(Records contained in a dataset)
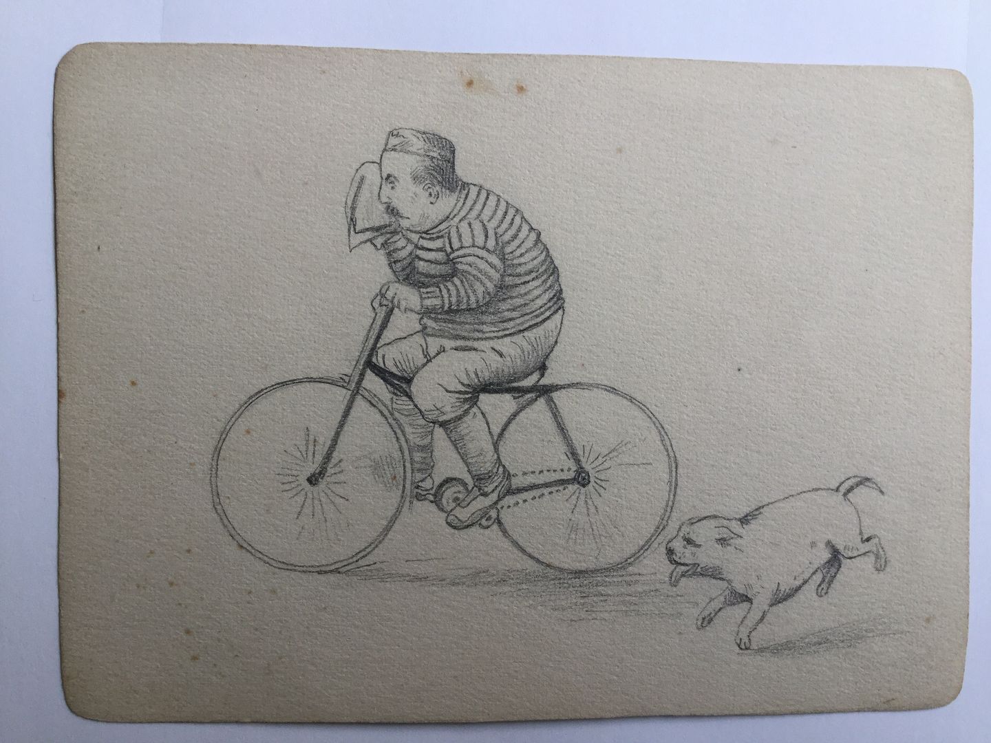 Tegning år ca. 1900 - Mand på cykel og løbende hund - antagelig af Alfred Schmidt.
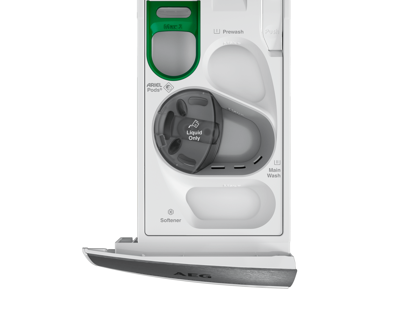 Le nouveau tiroir UniversalDose des lave-linge d’AEG est doté d’une conception brevetée qui permet de dissoudre efficacement tout type de produit de lessive, y compris les PODS®. La puissance de nettoyage du produit de lessive est garantie, même dans les cycles de lavage courts et à basse température.
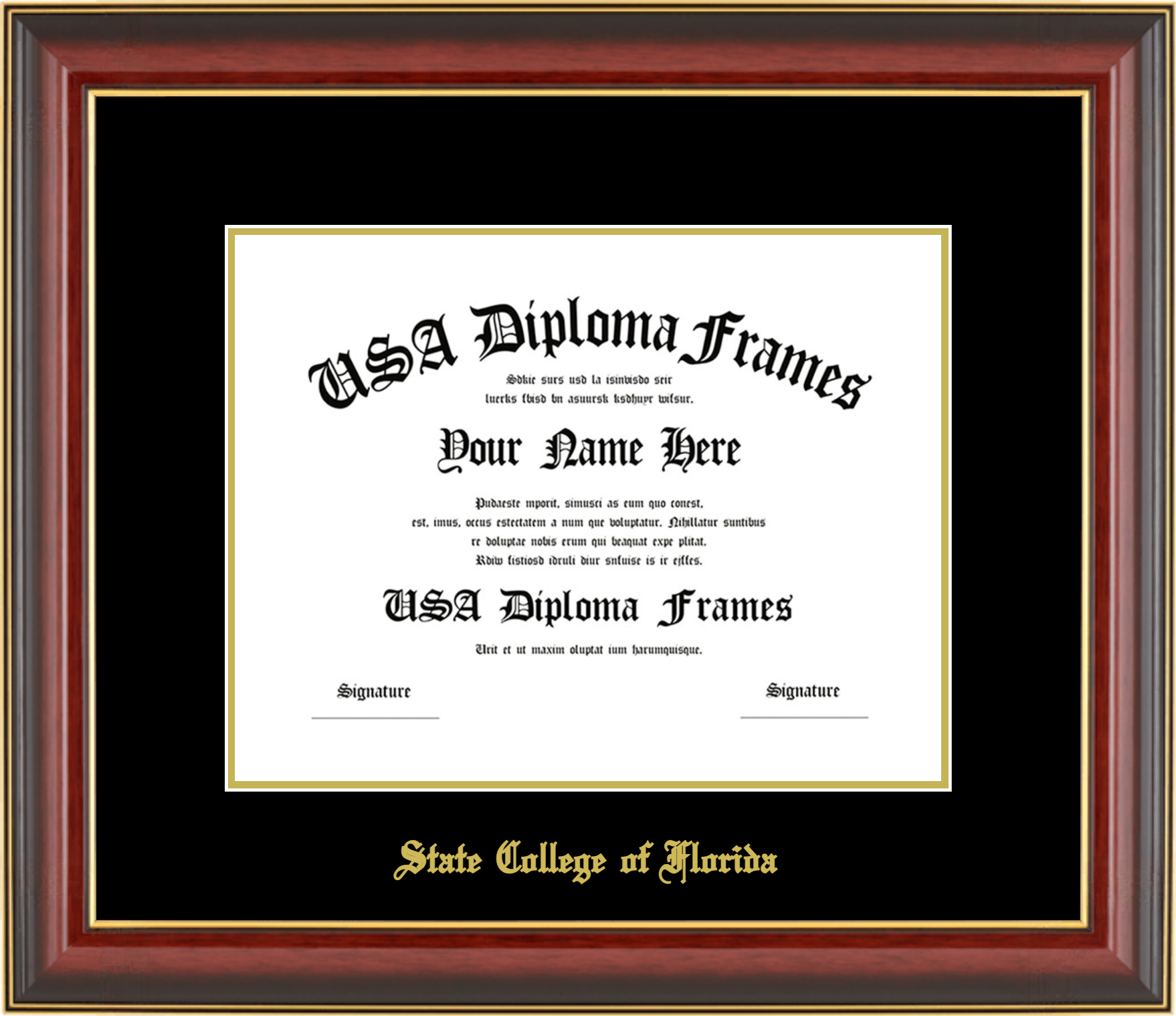 State College of Florida Diploma Frame – Cherry Mahogany Gold Trim Glossy – Black and Gold Mat
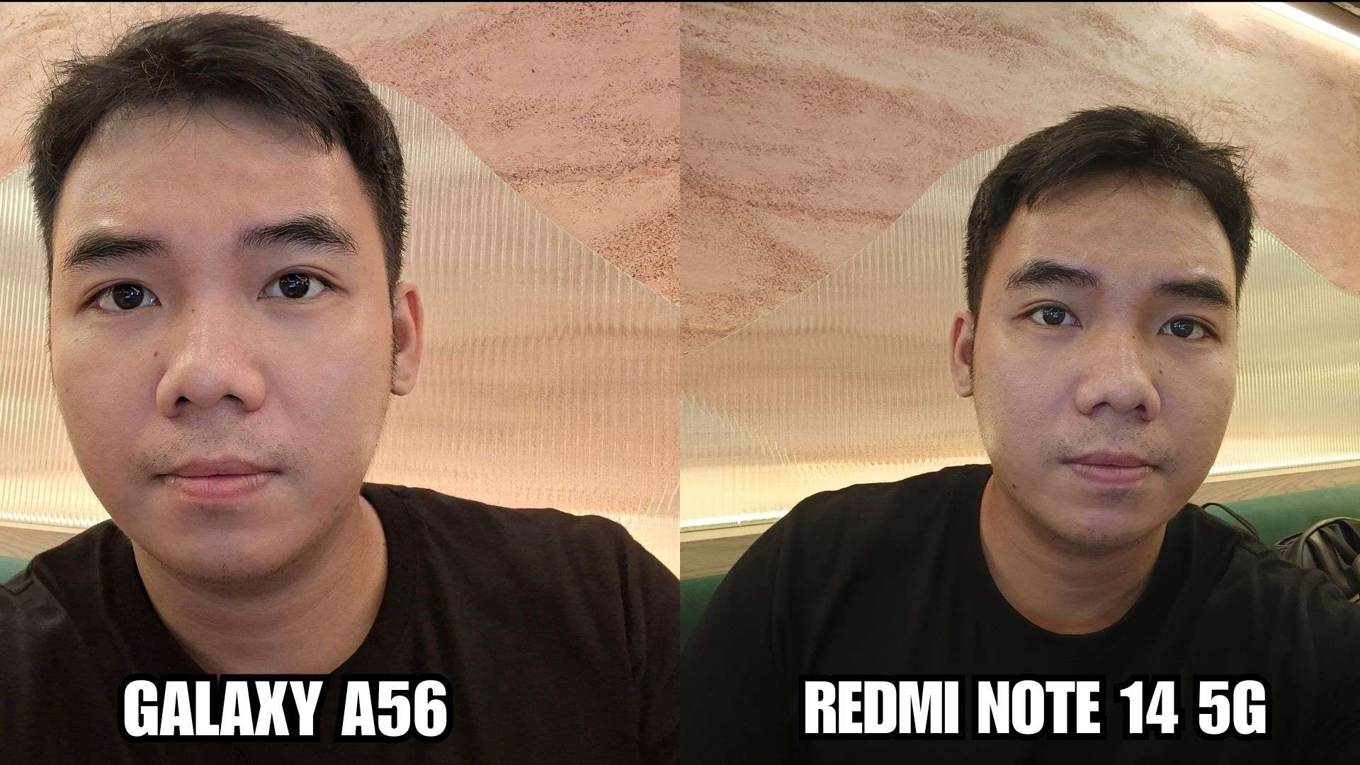Camera selfie của Galaxy A56 với độ phân giải 12MP mang lại hình ảnh sáng rõ, chi tiết khuôn mặt nổi bật ngay cả trong ánh sáng yếu. Camera selfie 8MP của Redmi Note 14 5G tuy sắc nét nhưng màu sắc có phần nhạt hơn, đặc biệt trong điều kiện thiếu sáng.
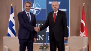 Ο πρωθυπουργός Κυριάκος Μητσοτάκης συναντήθηκε, στο περιθώριο της Συνόδου Κορυφής του ΝΑΤΟ, στην Ουάσιγκτον, με τον Πρόεδρο της Τουρκίας Ρετζέπ Ταγίπ Ερντογάν.
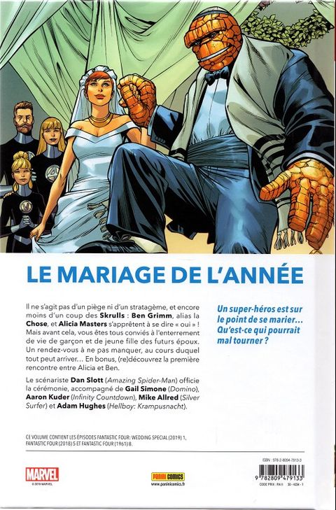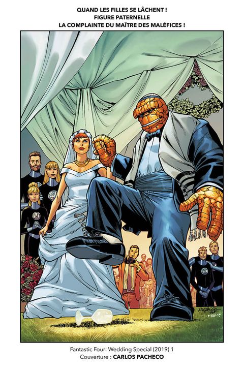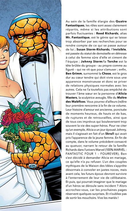 L'épisode 650 des Fantastic Four (le cinquième de cette nouvelle série) nous invite au mariage de la Chose. On retrouve ensuite les héros face à leurs deux plus grands ennemis dans des épisodes rythmés et plein d'action. Le mariage du siècle ! Ben Grimm épouse Alicia Masters. On doute que la cérémonie unissant un super-héros à la fille d'un super-vilain se déroule dans l'allégresse et la bonne humeur. À moins que... En plus, Galactus envahit la Latvérie, la patrie du Docteur Fatalis !
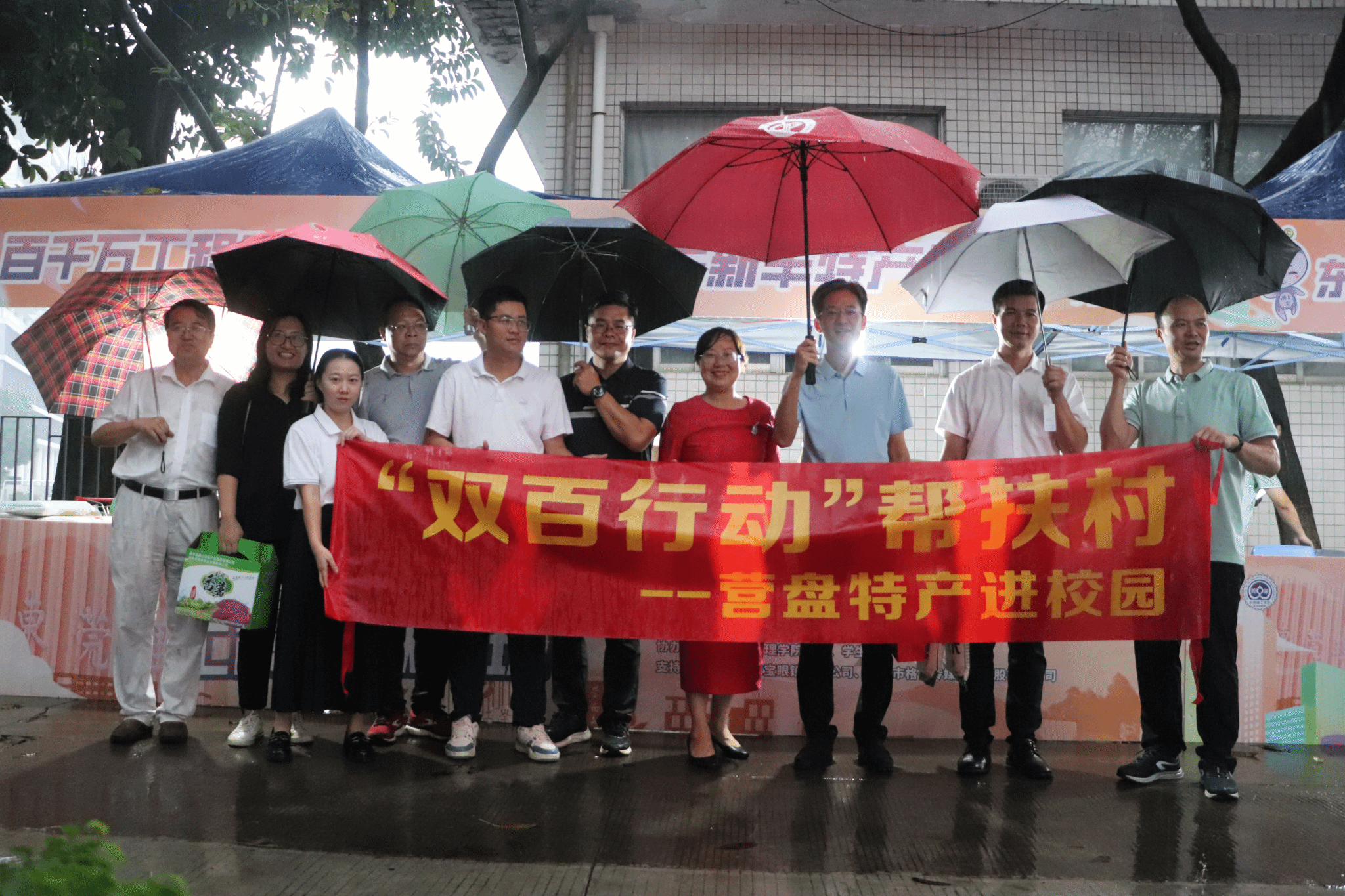 本届工模活动紧密结合广东高质量发展的“头号工程”“百千万工程”,以及学校重点工作,积极深化推进“双百行动”。活动筹备阶段,经济与管理学院与校审计工作部积极与对口帮扶村——营盘村进行对接,并邀请韶关市新丰县黄礤镇营盘村党支部书记钟仙甫带队参加工模活动。这不仅为营盘村提供了一个展示和销售特色农产品的平台,也进一步推动了“双百行动”的落实。
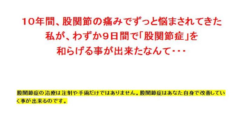 10年間、股関節の痛みでずっと悩まされてきた私が、わずか9日間で「股関節症」を和らげる事が出来たなんて・・・
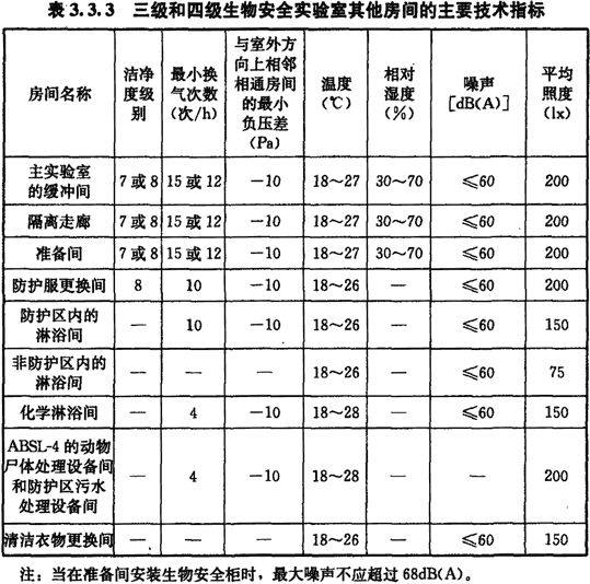 3.3.3 三級和四級生物安全實驗室其他房間的主要技術(shù)指標(biāo)應(yīng)符合表3.3.3的規(guī)定。
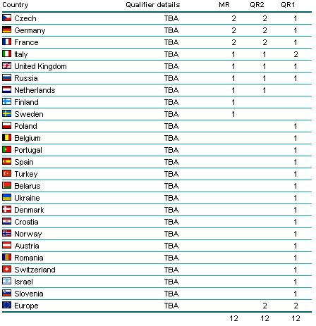 Voici ci-dessous un tableau résumant le nombre de qualifiés pour chaque nation :
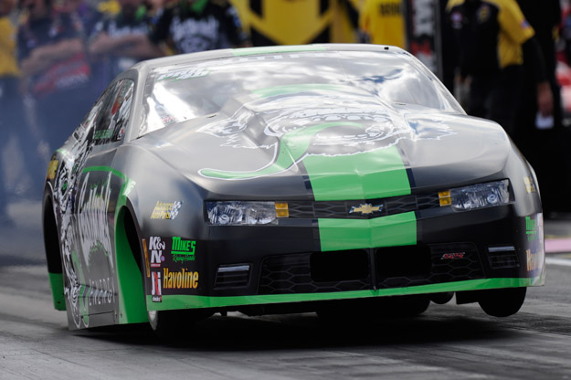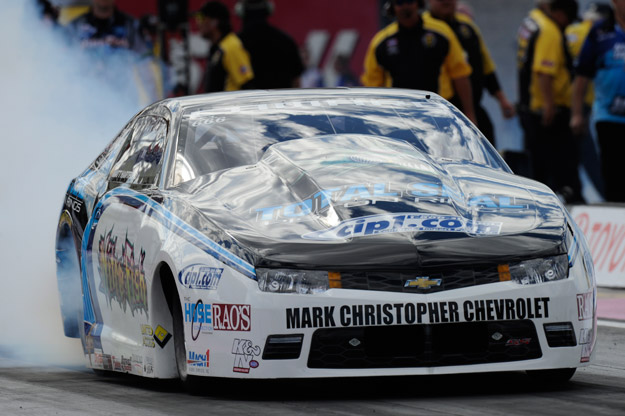 “We had an interesting qualifying outing,” he explained. “We threw a six-disc clutch in for the first qualifying session, but it didn’t run well. We put our five-disc clutch back in, and on that run, the computer data showed the early numbers were better than they were on that 3.87, but mounts that hold the clutch timer box broke, it pulled back, disconnected the wires and shut the car off. We came into today not qualified, but it was overcast so we felt we would be OK. Then there was a huge oildown, the sun came out, and the track temperature went up 10 degrees. We backed it down and ran a 3.94 so we were in and I didn’t feel any pressure coming into the last run, but it was pretty gratifying to leave here today with the green hat [symbolic of the low qualifier].
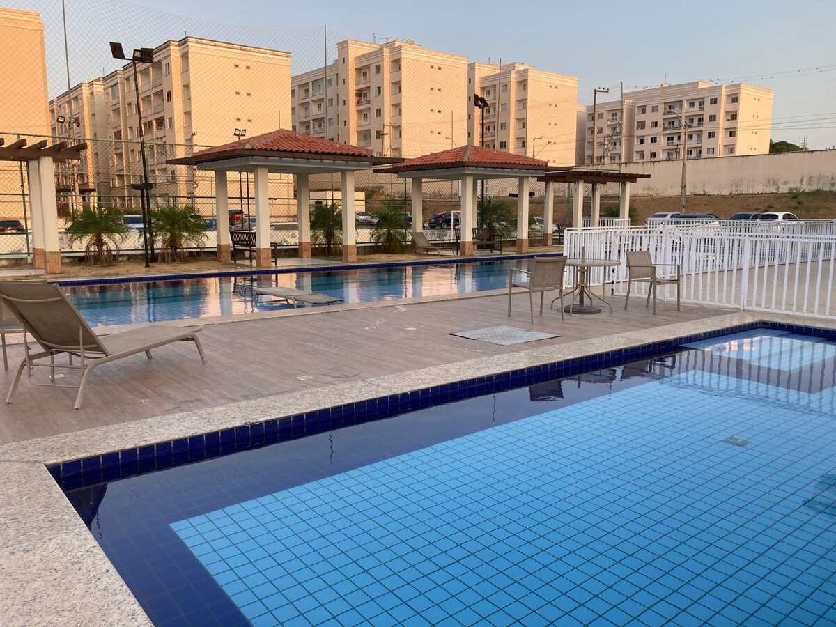 E depois de alguns anos, voltamos!! O apartamento fica no Bairro Aracagy (região de praias), a 2,5 km da praia do Araçagy (4 min de carro) uma das mais limpas da ilha. Condomínio tranquilo e reservado, bom para casais e ideal para você e sua família DESCANSAR. Tem 2 PISCINAS, AR-CONDICIONADOS nos quartos, Internet WI-FI, 2 camas de casal, TV, geladeira, fogão, máquina de lavar roupas, utensílios de cozinha (pratos, panelas, talheres e etc...), roupas de cama, toalhas, 2 chuveiros elétricos.

● **EXERCISE BRIEF**
Beginning with the line above that contains "Le nouveau tiroir" and ending with the line that contains "State College of", quote each line exactly, keeping out the pictures.

● **ANSWER TO THIS TASK**
 Le nouveau tiroir UniversalDose des lave-linge d’AEG est doté d’une conception brevetée qui permet de dissoudre efficacement tout type de produit de lessive, y compris les PODS®. La puissance de nettoyage du produit de lessive est garantie, même dans les cycles de lavage courts et à basse température.
 State College of Florida Diploma Frame – Cherry Mahogany Gold Trim Glossy – Black and Gold Mat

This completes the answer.